AMERISURE MUTUAL INSURANCE v. MICROPLASTICS, INC. (September 20, 2010)
Microplastics manufacturers small plastic components. In 2004, it sold components to Valeo for use in manufacturing automobile door latch assemblies. Before the end of that year, it was apparent that the components were defective. Attempts to resolve the problem were unsuccessful. Valeo terminated the contract and applied money still owing to offset its damages. Microplastics filed suit for breach of contract -- Valeo asserted a counterclaim alleging that Microplastics failed to meet its engineering and quality specifications. Microplastics notified Amerisure, its insurer under a series of CGL policies. The policies provided coverage for "property damage," defined as physical injury to or loss of use of tangible property. Amerisure denied coverage and filed an action for a declaration that it had no duty to defend or indemnify. Microplastics and Valeo settled the underlying dispute. Judge Nordberg (N.D. Ill.) granted summary judgment for Amerisure. Microplastics appeals.
In their opinion, Judges Cudahy, Ripple, and Hamilton affirmed. Under Illinois law, a court compares the allegations of the complaint to the policy language. If those allegations potentially fall within the policy language, the insurer has a duty to defend.
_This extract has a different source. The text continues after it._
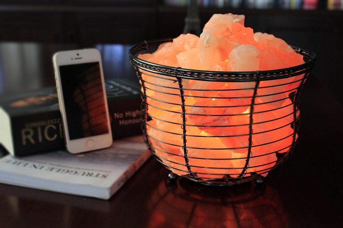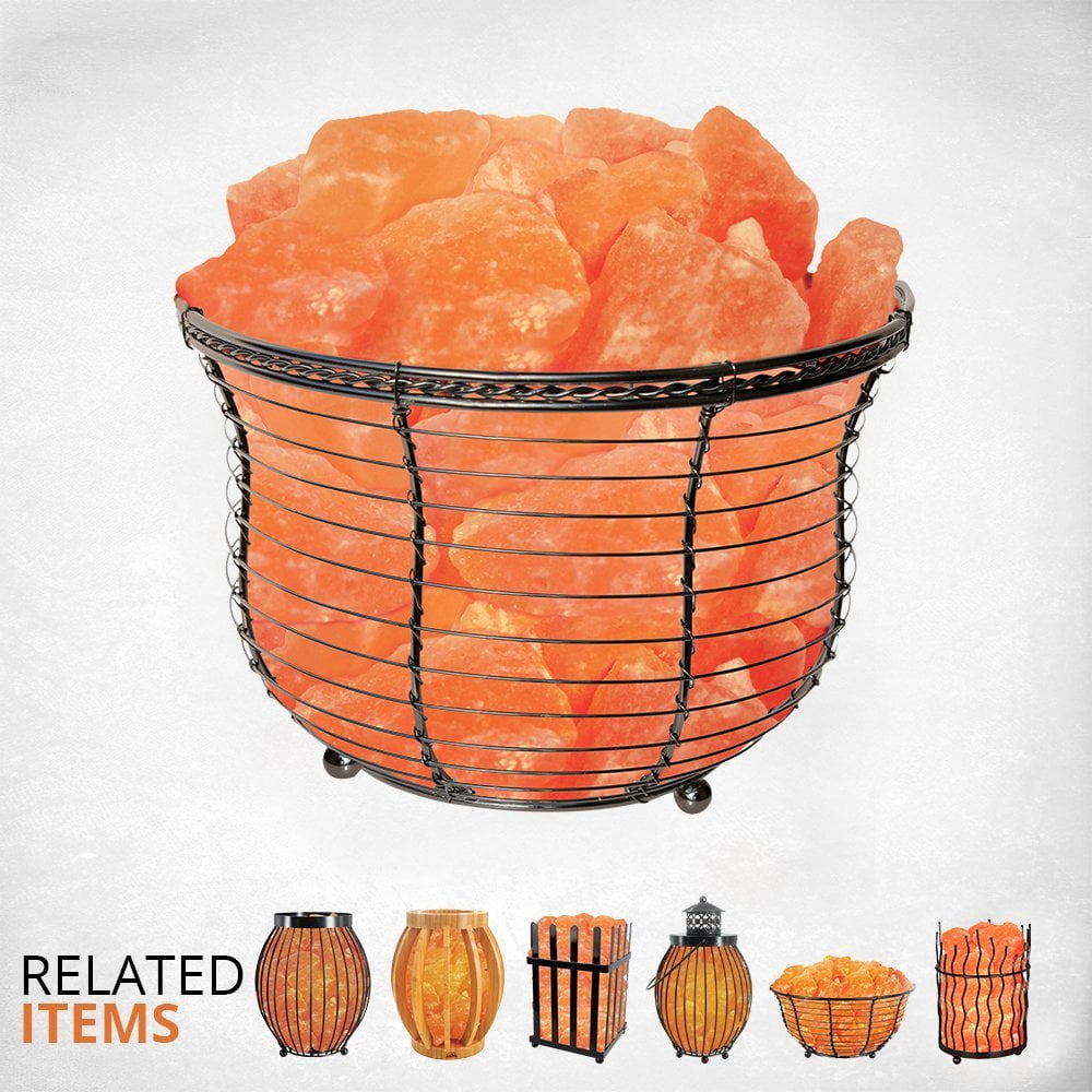 Transform your space with a Basket. Himalayan salt chunks have been used for centuries as air purifiers, naturally removing impurities and excess humidity. Today, they’re also used to make rock salt crystal lamps, casting a soft, soothing pink glow throughout your space as they purify the air and emit negative ions that fight against electromagnetic radiation. These striking lamps have been staples at wellness centers, spas, yoga studios, and meditation spaces, featuring a variety of different designs that range from large salt chunks to carved pyramids and more. This 8" design features small pieces of Himalayan pink crystal salt, artfully arranged inside a decorative wire basket. The light fixture is located inside the crystal cluster for easy light bulb changing. The features hand-mined, hand-carved salt, 6′ cords, and dimmer switches for easy light adjustment. A light bulb is included for easy use.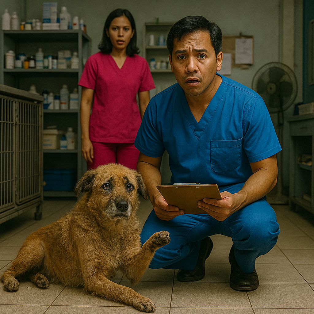 Makulimlim ang hapon sa maliit na klinika—mga estante ng bote at gasa sa dingding, kulob na amoy ng antiseptic, humuhuning electric fan sa tabi ng cork board. Naka-tungkod ang isang aso sa malamig na tiles: gusgusing kayumangging balahibo, mapupungay na mata na parang laging may iniintindi, at bahagyang nakataas ang kanang paa, mistulang humihingi ng pansin. Sa harap niya, nakaluhod si Dr. Marco—asul ang scrub suit, clipboard sa kamay, nanlalaki ang mata sa pagtataka. Sa likuran, pumasok si Liza na naka-rosas na scrub, napahinto, at napasinghap. “Doc… si Tagpi na naman?”

Here, the policy covers "property damage" -- but property damage coverage applies to liability for damage to the property of others, not to the cost of repairing the insured's own property. The Court noted that it was unclear from Valeo's counterclaim whether it was asserting such loss. The Court conceded that it was theoretically possible that some of Valeo's losses resulted from damage to property other than the defective product. Theoretical losses, however, are not enough. The duty to defend is triggered only by actual allegations in the complaint, not implied ones. There is nothing in the complaint or the record suggesting any "property damage."